As metal continues to grow in popularity, outsiders to the genre find it more appealing. They see it as an unknown region, or an exotic culture, and in comparison their lives seem drab. What is it that makes hordes of people headbang to violent and abrasive music?
This was the question the Amarillo Globe News posed to death metal band Abolishment of Flesh and it received an answer it might not have been expecting.
The band painted a picture of death metal different from what is commonly presented in the media:
“There are a lot of different things going on at the same time,” [guitarist] Cazares said. “It’s very comparable to classical music.”
“We have a lot of weird time signatures and different changes like classical music does,” bass player Chuy Camacho said. “There can be three different things going on in the music at the same time.”

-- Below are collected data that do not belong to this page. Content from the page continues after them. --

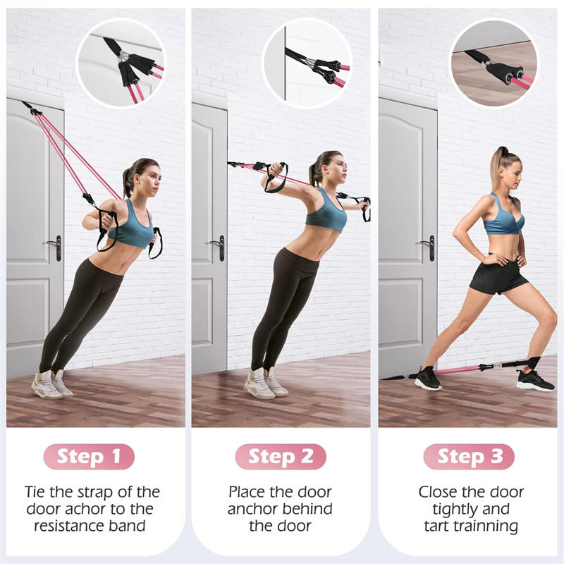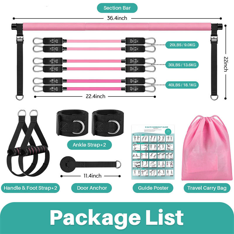 Equipo Entrenamiento Gimnasio en casa Yoga Pilates Bar Kit con bandas de resistenciaNombre del producto
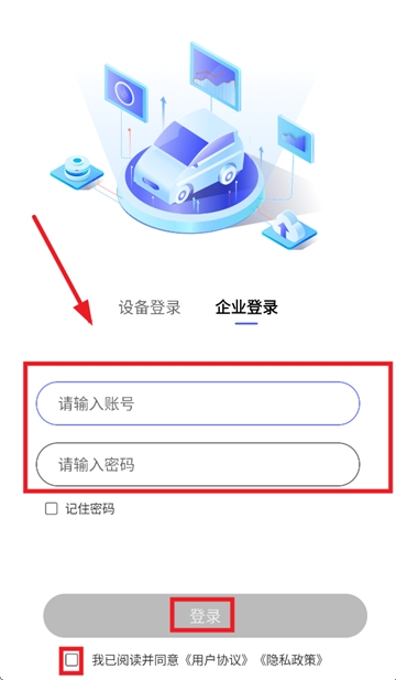 2、输入账号,密码,勾选我已阅读并同意《用户协议》《隐私政策》,点击登录即可。
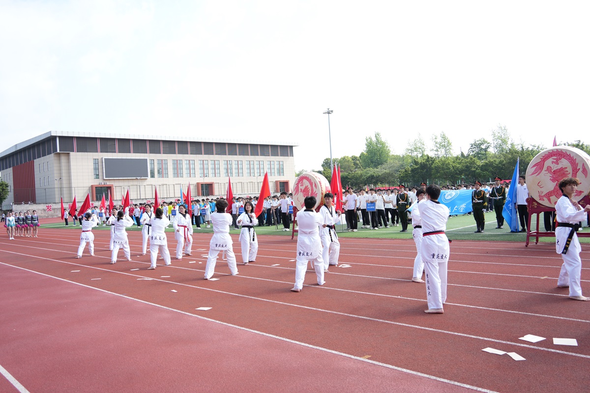 重庆交通大学跆拳道队、健美操队依次亮相,尽显青春昂扬的精神风貌。

In other words, rather than the circular key-centric two-part composition of rock and pop music, death metal uses chromatic scales to develop an internal dialogue and motif evolution through pattern as opposed to harmony alone, such that notes are relevant more to previous notes and riff shapes than they are to a sense of key or rhythm.

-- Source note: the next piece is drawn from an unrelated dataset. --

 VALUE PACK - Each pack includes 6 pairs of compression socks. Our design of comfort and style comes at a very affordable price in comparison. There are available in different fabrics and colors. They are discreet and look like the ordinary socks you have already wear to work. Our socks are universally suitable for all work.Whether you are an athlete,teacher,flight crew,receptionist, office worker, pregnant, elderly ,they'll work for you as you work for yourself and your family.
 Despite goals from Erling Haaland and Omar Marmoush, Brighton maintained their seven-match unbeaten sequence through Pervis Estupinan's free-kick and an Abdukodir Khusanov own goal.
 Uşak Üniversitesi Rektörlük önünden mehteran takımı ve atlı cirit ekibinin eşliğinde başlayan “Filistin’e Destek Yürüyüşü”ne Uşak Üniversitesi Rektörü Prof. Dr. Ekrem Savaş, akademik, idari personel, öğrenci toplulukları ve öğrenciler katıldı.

In death metal, notes stream forth in multiple tones and directions, creating a tapestry of sound, similar in goal of a symphony: each part is musically literate on its own, yet when put together creates something that transcends each individual instrument.
When musing on why death metal is not popularly regarded as an art form, the band speculated that the genre has been overtaken by bands that have confused aesthetics with actual content:
“We don’t get taken seriously because other bands make a joke out of it — try to get as perverted and as gory as they can,” Camacho said.

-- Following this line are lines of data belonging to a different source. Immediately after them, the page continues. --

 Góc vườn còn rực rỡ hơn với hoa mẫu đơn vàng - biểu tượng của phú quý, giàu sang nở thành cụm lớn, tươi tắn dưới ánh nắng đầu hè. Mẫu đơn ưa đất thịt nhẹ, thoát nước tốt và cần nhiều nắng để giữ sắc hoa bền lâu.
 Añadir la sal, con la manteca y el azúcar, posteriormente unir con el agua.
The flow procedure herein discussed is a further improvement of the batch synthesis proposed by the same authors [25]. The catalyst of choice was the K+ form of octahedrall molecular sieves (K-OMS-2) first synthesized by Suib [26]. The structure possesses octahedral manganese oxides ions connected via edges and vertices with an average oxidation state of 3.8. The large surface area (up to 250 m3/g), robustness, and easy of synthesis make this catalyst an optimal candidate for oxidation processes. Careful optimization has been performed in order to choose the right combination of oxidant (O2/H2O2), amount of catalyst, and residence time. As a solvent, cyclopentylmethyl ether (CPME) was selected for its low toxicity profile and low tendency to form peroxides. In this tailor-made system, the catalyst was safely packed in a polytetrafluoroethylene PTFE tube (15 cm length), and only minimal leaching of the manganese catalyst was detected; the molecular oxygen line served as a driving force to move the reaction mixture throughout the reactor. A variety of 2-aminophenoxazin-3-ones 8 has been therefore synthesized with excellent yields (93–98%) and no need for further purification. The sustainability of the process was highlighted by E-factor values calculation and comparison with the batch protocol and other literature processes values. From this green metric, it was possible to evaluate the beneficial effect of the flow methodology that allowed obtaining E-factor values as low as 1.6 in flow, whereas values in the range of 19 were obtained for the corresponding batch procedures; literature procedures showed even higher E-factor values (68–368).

Not content with being a sideshow, the band decided to forge ahead and create music with quality control. Playing old-school style death metal with melodic interludes; the band creates a style of music that appeals to both veteran fans of the genre and newcomers that may discover older classics through discovery of the techniques presented.
And the reason the band plays this type of music?
To Cazares, death metal “talks more about what’s real or what’s going on in life.”
Thus the essence of Death metal described: piercing the veil of deception and beholding reality.